Tuesday, February 07, 2012

Hall vs. Piccio

Facts: Petitioners Arnold Hall, Bradley Hall and Private Respondents Fred Brown, Emma Brown, Hipolita Chapman and Ceferino Abella signed and acknowledged the articles of incorporation of the Far Eastern Lumber and Commercial Co., Inc. organized to engage in a general lumber business to carry on as general contractors, operators and managers. Attached to the articles was an affidavit of the treasurer stating that 23, 428 shares of stock had been subscribed and fully paid with certain properties transferred to the corporation.

Immediately after the execution of the articles of incorporation, the corporation proceeded to do business with the adoption of by-laws and the election of its officers.

Then, the articles of incorporation were filed in SEC for the issuance of the corresponding certificate of incorporation.

Pending action on the articles of incorporation, Fred Brown, Emma Brown, Hipolita Chapman and Ceferino Abella filed a civil case against the Halls alleging among other things that Far Eastern Lumber and Commercial Co, was an unregistered partnership and that they wished to have it dissolved because of bitter dissension among the members, mismanagement and fraud by the managers and heavy financial losses.

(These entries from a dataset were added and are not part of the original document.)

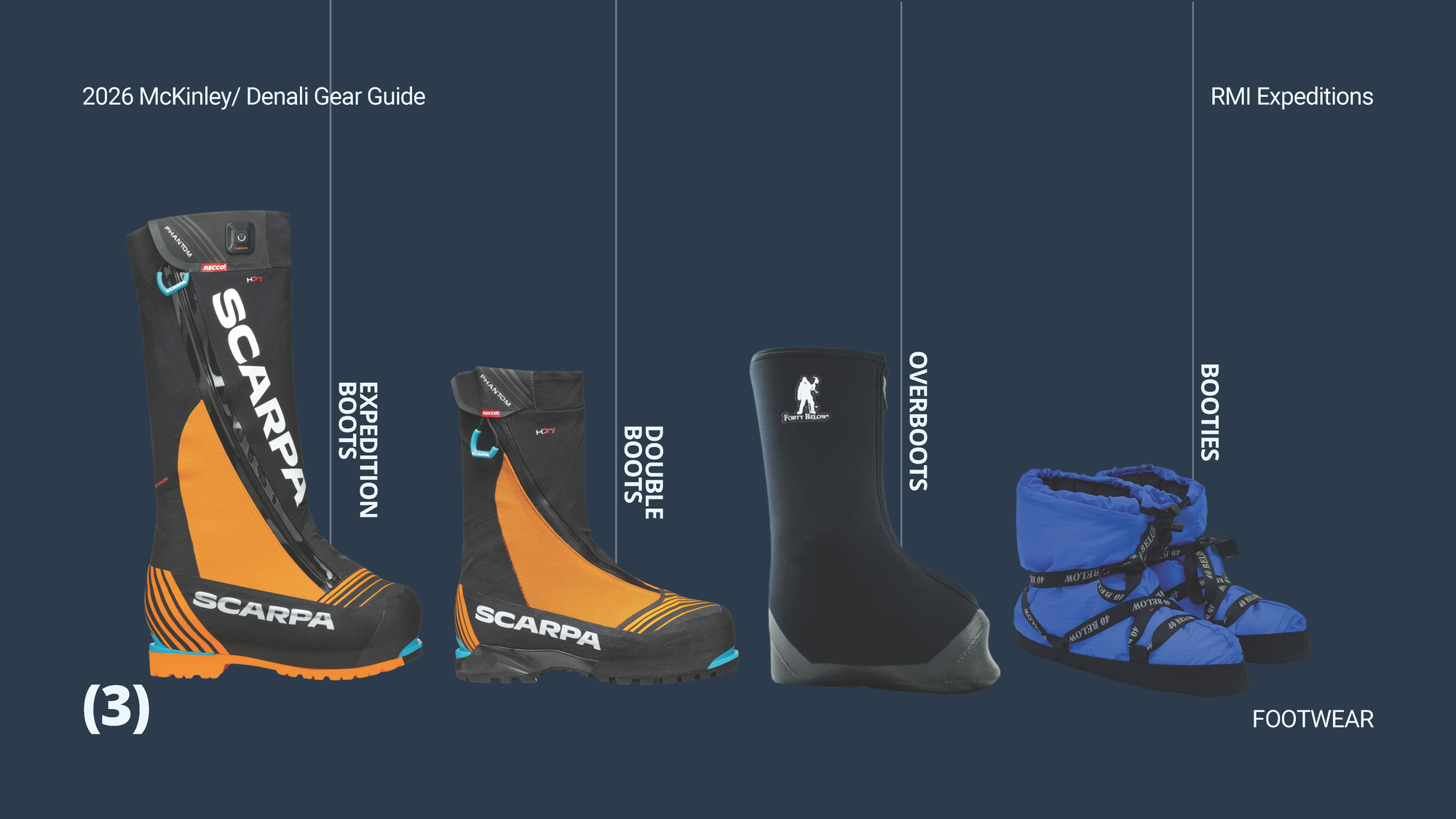 Mountaineering boots are one of the most critical pieces of gear for your McKinley expedition. Proper footwear ensures that your feet stay warm, dry, and comfortable throughout the climb, which is essential for performance and safety. For an in-depth look at mountain footwear, check out the blog over at our retail partner Whittaker Mountaineering.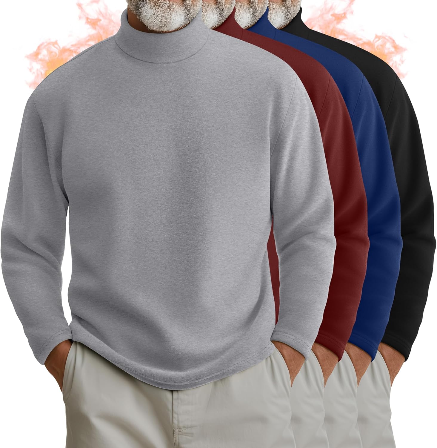 4 Pack Men's Turtleneck Shirts, Long Sleeve Thermal Sweaters Solid Casual Pullover Tops Basic Undershirts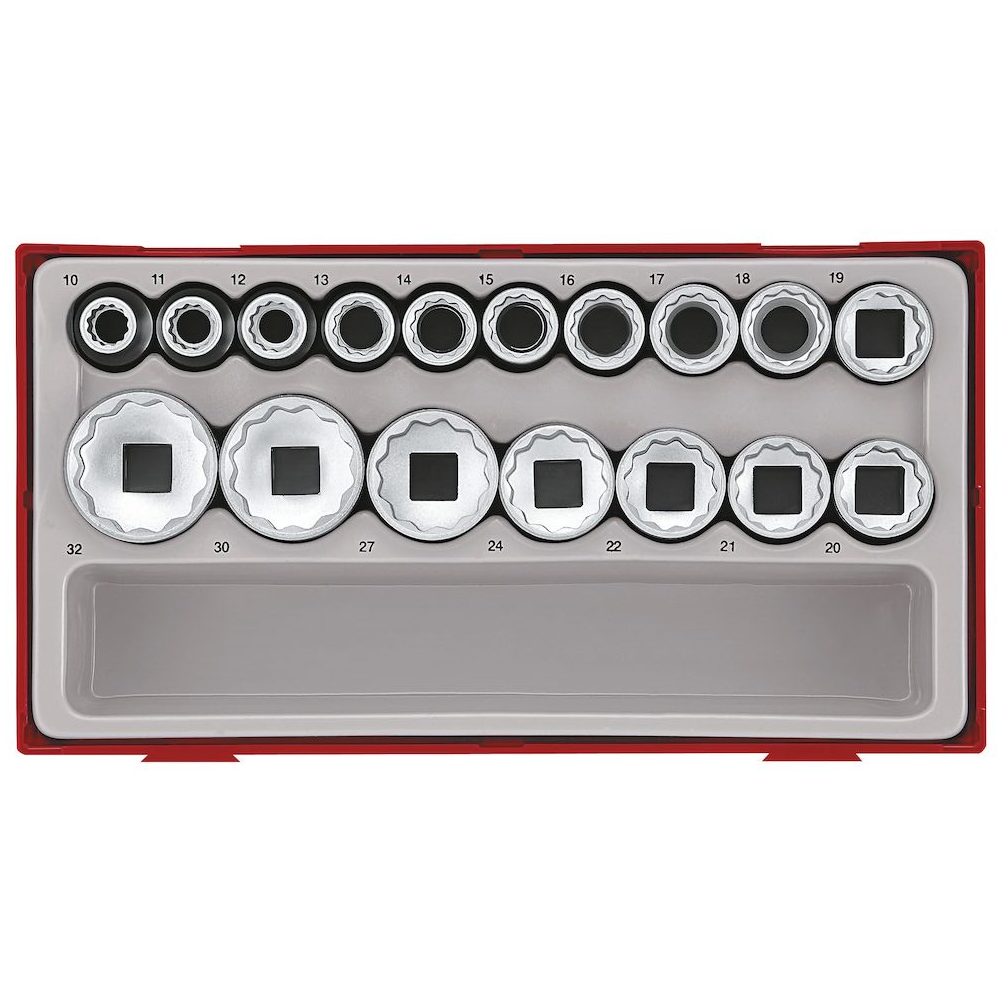 Jogo de 18 chaves de caixa 1/2'' de 12 ou 6 pontos Teng Tools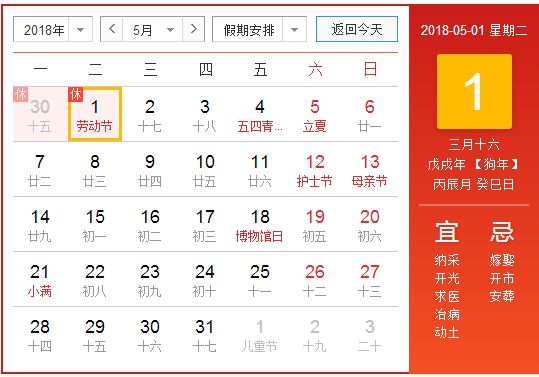2018年五一放假安排時間表最新國務院官方發布: 4月29日(星期天)至5月1日(勞動節,星期二)放假調休,共3天。 友情提示:4月28日(星期六)上班。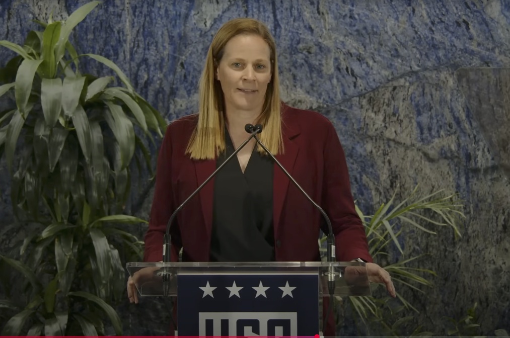 美国足协主席辛迪·帕洛·科恩在启动仪式上演讲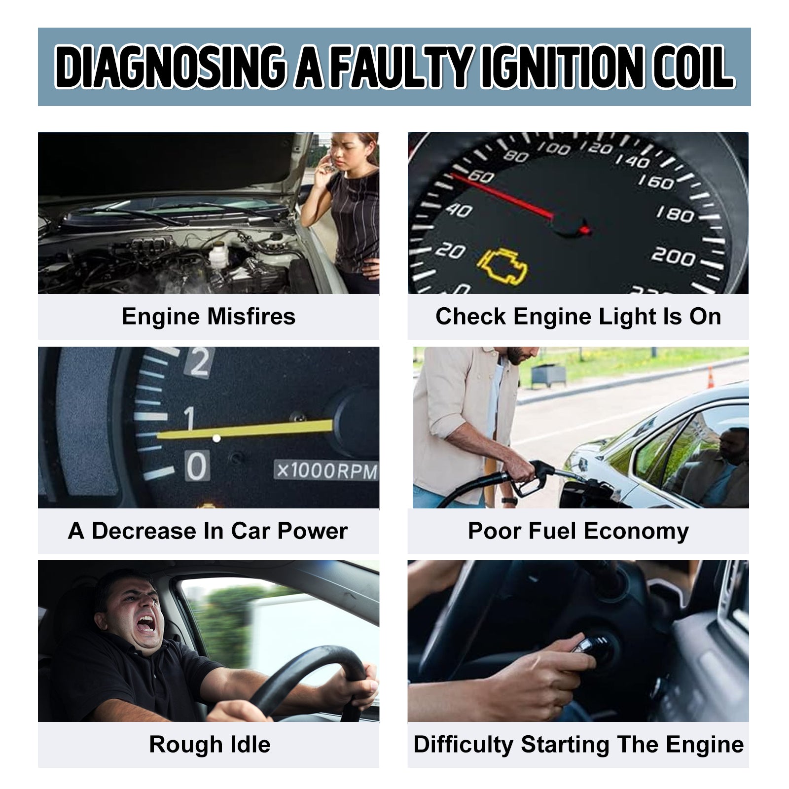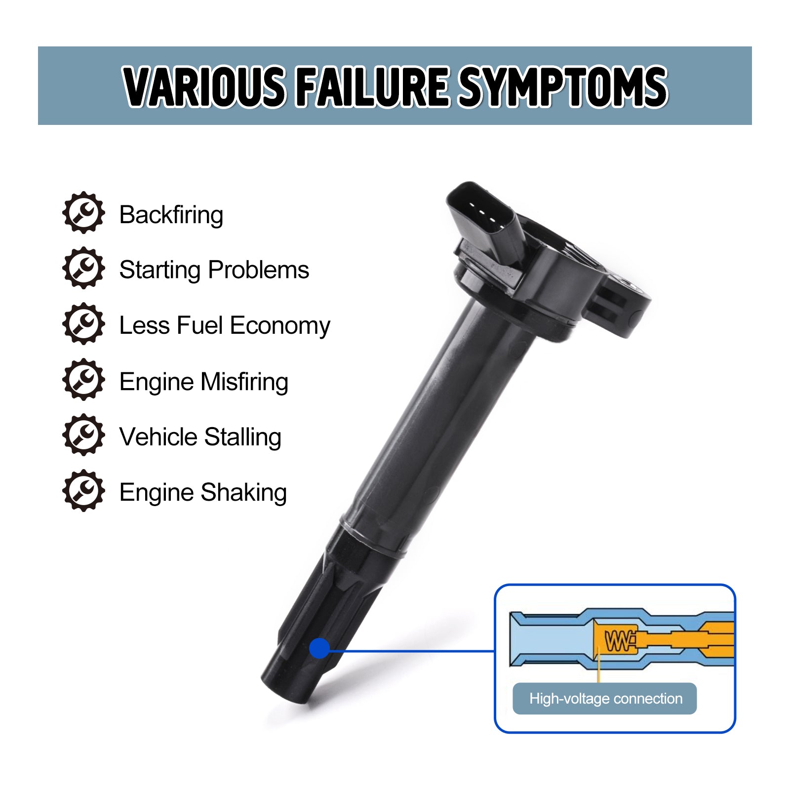 - 🚘【Function】: If you have a problem with your car such as no/hard start, long crank time, misfires, lack of power, inconsistent transmission shifts, spark plug fouling, premature catalytic converter failure, poor fuel economy, Please replace your ignition coil. Engineered to stringent OE specifications, it is sure to exact installation and function the same or even better than the Original part.

The Halls filed a Motion to Dismiss contesting the court’s jurisdiction and the sufficiency of the cause of action but Judge Piccio ordered the dissolution of the company and appointed a receiver.

Issues:
(1) Whether or not the court had jurisdiction to decree the dissolution of the company because it being a de facto corporation, dissolution may only be ordered in a quo warranto proceeding in accordance with Section 19.

(2) Inasmuch as the Browns had signed the articles of incorporation, whether or not they are estopped from claiming that it is not a corporation but only a partnership.

Held:
(1) YES. The court had jurisdiction but Section 19 does not apply.

First, not having obtained the certificate of incorporation, the Far Eastern Lumber and Commercial Co. – even its stockholders – may not probably claim “in good faith” to be a corporation.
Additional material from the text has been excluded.